Your solution should populate an eBPF map with the following two entries: (100 -> 0x10256), (200 -> 0x20256).

Your Solution

Treat your solution as if this was code you would have to live with for a while, rather than just a throw-away proof-of-concept. i.e. ideally it should be modular, with a reasonable breakdown of functionality into packages and functions as required, documented and formatted as per the Go standards, with any tests as may be necessary (aiming for full test coverage isn't necessary. Use your judgement as to what may need a test and what may not).

When you have completed your solution, create a pull request for it to the master branch.

Task 1

Enumerate all live processes that contain a Python 3.7 interpreter. Note that this includes both Python REPL processes that have Python as their main binary, and other processes that have libpython.*.so loaded in their address space.

Task 2

For all processes containing a Python interpreter determine the address of the _PyRuntime global variable within each process. In Python 3.7 this variable is in the dynamic symbols of the Python library and the symbol information will be available regardless of whether or not debug symbols are available. Note that due to address space layout randomization the actual address of the variable within each process will differ.

Task 3

For all live processes containing a Python interpreter, add a mapping from process ID to the address of _PyRuntime to an eBPF map. The skeleton solution provides an ebpf package with a function for creating a map, as well as a function for reading a map. You need to add a function for writing to the map.

Getting Started

You will need to following in order to complete the exercise:

  1. A functioning Go installation. See https://golang.org for information on how to get started with this if you have not already done so.

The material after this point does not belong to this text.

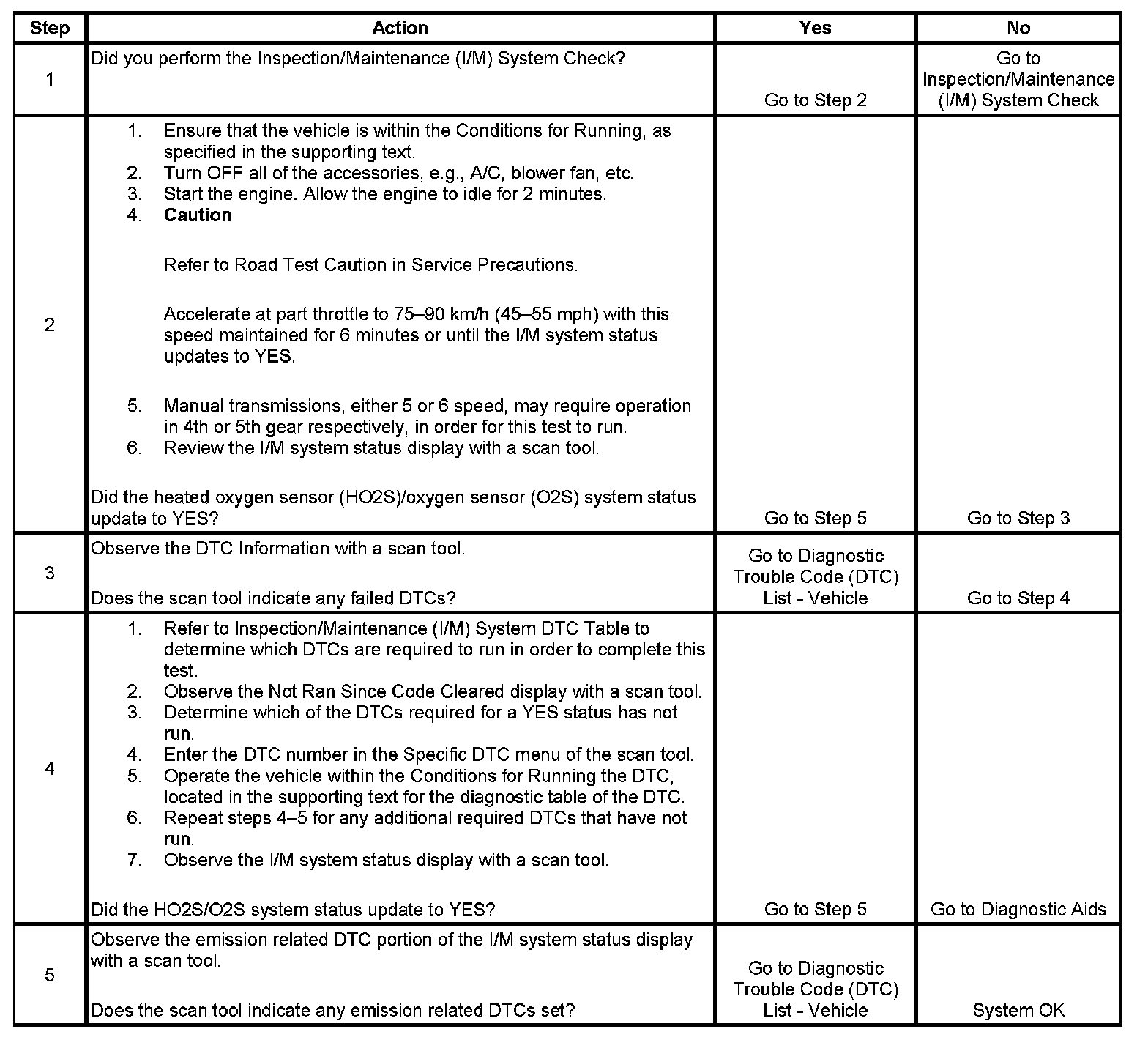The purpose of this test is to satisfy the enable criteria necessary to execute inspection/maintenance (I/M) readiness diagnostics for the heated oxygen sensor (HO2S)/oxygen sensor (O2S) system. The test may be used to set the I/M system status to YES.

  2. A functioning Python 3.7 install. Run python3 --version to see what the default installed version of Python is on your system. It is also necessary for your Python install to be dynamically linked against libpython. To check if this is the case run ldd /path/to/python3.7 and check for a libpython entry in the output. If there is no such entry the easiest solution is to download the Python 3.7 source code from https://www.python.org/downloads/release/python-376/ and compile/install it via ./configure --prefix=`pwd`/install --enable-shared && make && make install. Once that completes you will have a Python interpreter at ./install/bin/python3.7 that you can use.

  3. A running Linux kernel with eBPF enabled. It is enabled by default on most modern kernel configurations. To check if this is the case for yours, search the config of your running kernel for CONFIG_BPF=y. On Fedora this can be done via cat /boot/config-$(uname -r)| grep -i "CONFIG_BPF=y".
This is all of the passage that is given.